Pursuant to Section 13, Article VIII of the Constitution, and the Division
Chairpersons Attestation, I certify that the conclusions in the above Decision had
been reached in consultation before the case was assigned to the writer of the
opinion of the Courts Division.





REYNATO S. PUNO
Chief Justice






[1]
Rollo, pp. 58-64. Penned by Associate Justice Delilah Vidallon-Magtolis, with Associate Justices Jose L.

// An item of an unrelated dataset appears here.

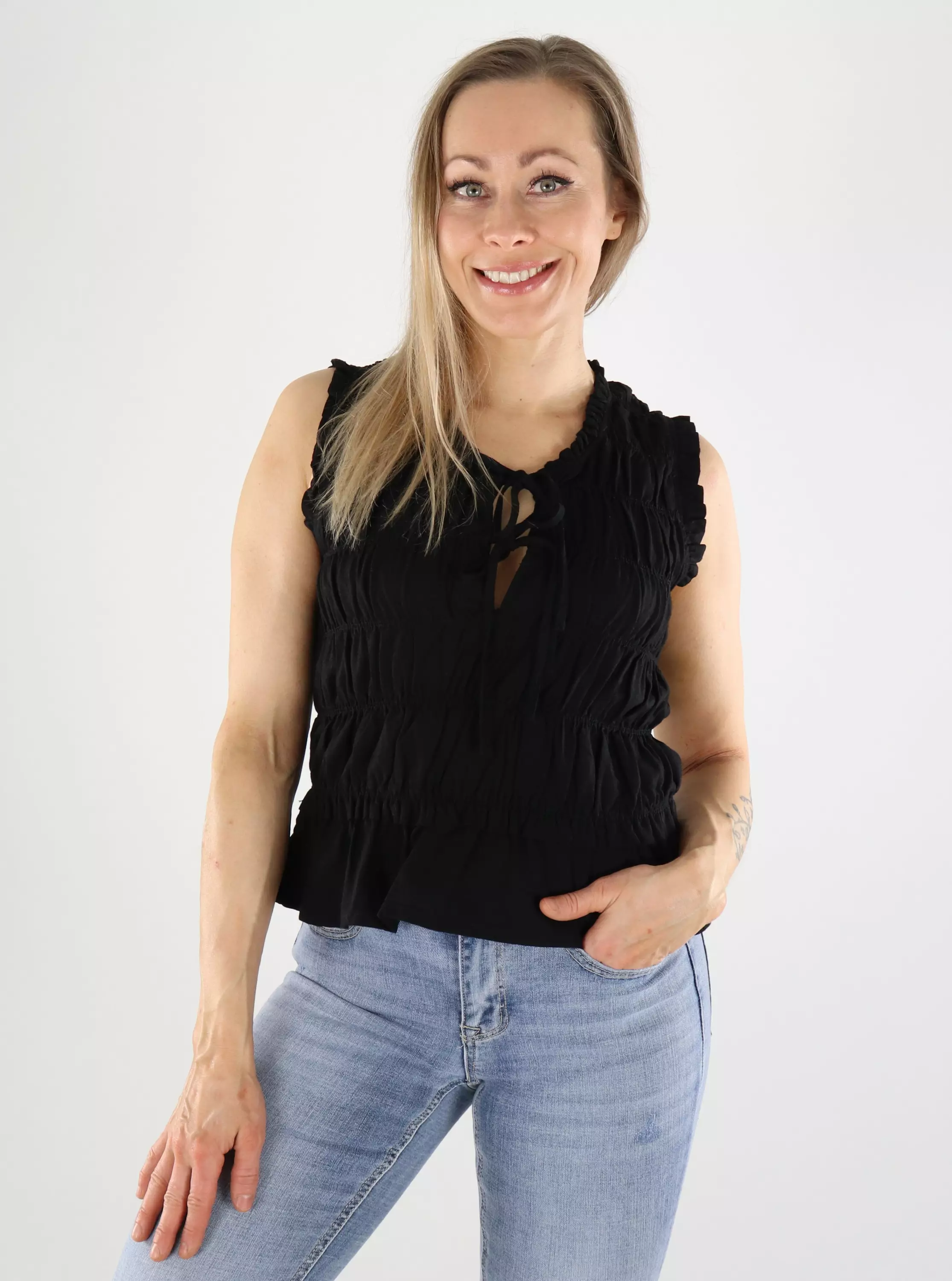 Skapa en mjuk och snygg look med denna ONLY volangtopp. Toppen har vackra veck och knytband framtill.

Sabio, Jr. and Hakim S. Abdulwahid concurring.
[2]
Id. at 66.
[3]
Records, Vol. I, pp. 213-219.
[4]
Id. at 175-178.
[5]
Id. at 176.
[6]
Id. at 219.
[7]
Rollo, p. 44.
[8]
34 Phil. 697, 714 (1916).
[9]
39 Phil. 120, 125 (1918).
[10]
45 Phil. 679, 683 (1924).
[11]
G.R. No. 145443, March 18, 2005, 453 SCRA 732, 745.
[12]
Art. 1306. The contracting parties may establish such stipulations, clauses, terms and conditions as they may
deem convenient, provided they are not contrary to law, morals, good customs, public order, or public policy.
[13]
See Ollendorff v. Abrahamsom, 38 Phil. 585, 592 (1918).
[14]
Art. 1159. Obligations arising from contracts have the force of law between the contracting parties and should
be complied with in good faith.
[15]
Philippine Communications Satellite Corporation v. Globe Telecom, Inc., G.R. Nos. 147324 & 147334, May
25, 2004, 429 SCRA 153, 164.
[16]
Duncan Association of Detailman-PTGWO v. Glaxo Wellcome Philippines, Inc., G.R. No. 162994, September
17, 2004, 438 SCRA 343, 356.
[17]
Art. 2226. Liquidated damages are those agreed upon by the parties to a contract, to be paid in case of breach
thereof.
Art. 2227. Liquidated damages, whether intended as an indemnity or a penalty, shall be equitably reduced if
they are iniquitous or unconscionable.